Episode 68: When Everything Comes Undone in Marriage (with Lizzie Langston)
There are conversations that stay with you long after they end.
Not because they hand you a five-step framework or a perfectly wrapped conclusion, but because they put language to something you've been quietly living.
That happened for me recently while sitting down with spiritual teacher, writer, and founder of Threshold Keepers, Lizzi Langston.
We started talking about marriage and business. We ended up talking about identity, ego, nervous systems, motherhood, ambition, and what it really means to rebuild a life after everything falls apart.
And honestly?
I don't think we even scratched the surface.
What if coming undone isn't failure?
One of the biggest ideas Lizzi shared was this:
What if the moments that feel like your life is falling apart are actually the moments your soul is asking you to become someone new?
Most of us fight those seasons.
We want answers.
We want certainty.
We want to skip over the uncomfortable middle and get to the "after."
But Lizzi described that in-between space as the void—the place where your old identity has fallen away, but your new one hasn't fully formed yet.
It's uncomfortable because our ego loves certainty.
Our soul loves transformation.
And maybe that's why growth almost never feels comfortable.
Marriage will expose every place you're trying to control
As we talked, I couldn't help but think about how often women tell me they want their husband to understand them better.
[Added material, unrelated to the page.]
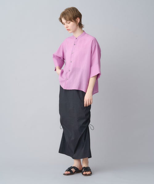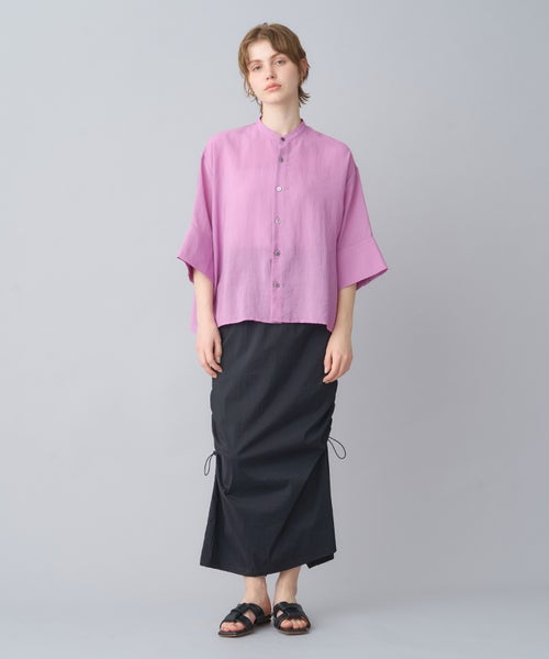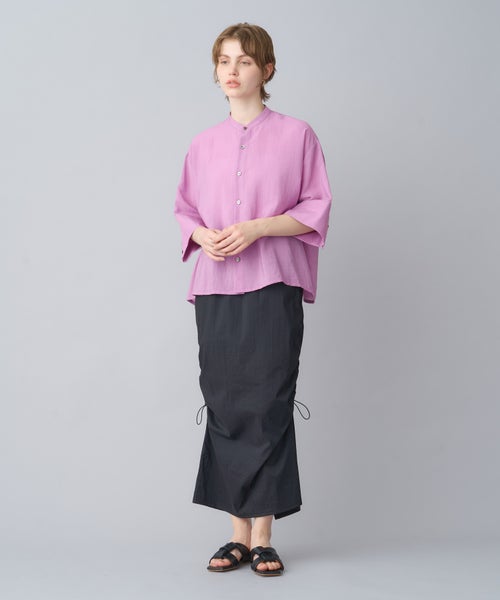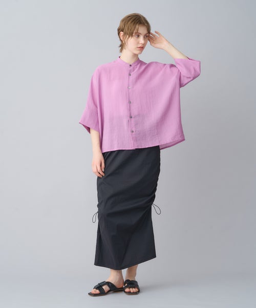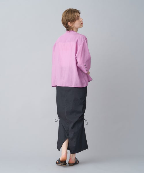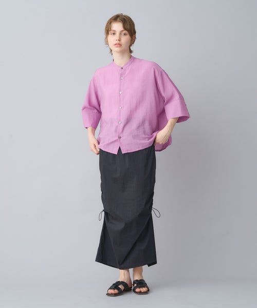 【素材】 ナイロンにポリウレタンが混紡されており、薄手でストレッチ性のある素材を使用。ナイロンやトレンドのドロスト使いでスポーティーさを取り入れており、スタイリングへ程よいカジュアルさやモード感をプラスしてくれます。

But underneath that desire is often something deeper:
I need him to think like me.
To parent like me.
To handle money like me.
To communicate like me.
To believe what I believe.
I used to think that was what safety looked like.
Sameness.
But maybe partnership isn't built on sameness at all.
Maybe it's built on learning to love someone whose mind works completely differently than yours.
Lizzi shared how freeing it became when she stopped expecting her husband's spirituality to look like hers.
Instead of trying to convince him to experience life the way she did, she became curious about the way he experienced it.
That curiosity changed everything.
We inherited a blueprint that no longer fits
One thing we kept coming back to was how much marriage has changed.
Previous generations were handed fairly clear roles.
Today, many couples are building businesses, changing careers multiple times, navigating layoffs, raising children together, and redefining what partnership actually looks like.
Sometimes the wife earns more.
Sometimes the husband stays home.
Sometimes those roles switch more than once.
That doesn't mean something is wrong.
It means we're writing a different story than the generations before us.
And I think that's beautiful.
Marriage isn't meant to stay frozen.
It's meant to grow alongside the people inside it.
Your body is telling you the truth
One of my favorite parts of our conversation was when we started talking about the body.
As women, we're incredibly good at living from the neck up.
We analyze.
We overthink.
We solve.
We stay busy.
Meanwhile, our bodies are whispering things we've been too distracted—or too afraid—to hear.
Lizzi shared something that really stayed with me:
Instead of asking, "How do I make this feeling go away?"
What if we asked,
"What is this feeling trying to tell me?"
That question alone has the power to change everything.
Our bodies aren't working against us.
They're often trying to guide us back toward ourselves.
The greatest gift marriage has given me
One thing I say often is that your marriage can become one of your greatest business assets.
Not because it's perfect.
But because it teaches you things success never could.
It teaches humility.
Compassion.
Perspective.
Patience.
It stretches your capacity to love someone who sees the world differently than you do.
Listening to Lizzi talk about her own marriage reminded me that partnership isn't about keeping score.
It's about expanding together.
Sometimes one person carries more financially.
Sometimes one carries more emotionally.
Sometimes one dreams while the other steadies the ground beneath those dreams.
Neither role is more valuable.
They're simply different.
Maybe you're right where you need to be
If your marriage feels unfamiliar...
If your career is shifting...
If you're questioning beliefs you've held for years...
If life feels like it's coming undone...
Maybe nothing has gone wrong.
Maybe you're standing in the exact place where growth begins.
Not because it's easy.
But because it's honest.
And if there's one thing I took away from my conversation with Lizzi, it's this:
We don't have to rush through the unraveling.
Sometimes the bravest thing we can do is stay present long enough to let life rebuild us into someone we never could have become by holding everything together.
Sometimes everything has to come undone...
before something even more beautiful can be built in its place.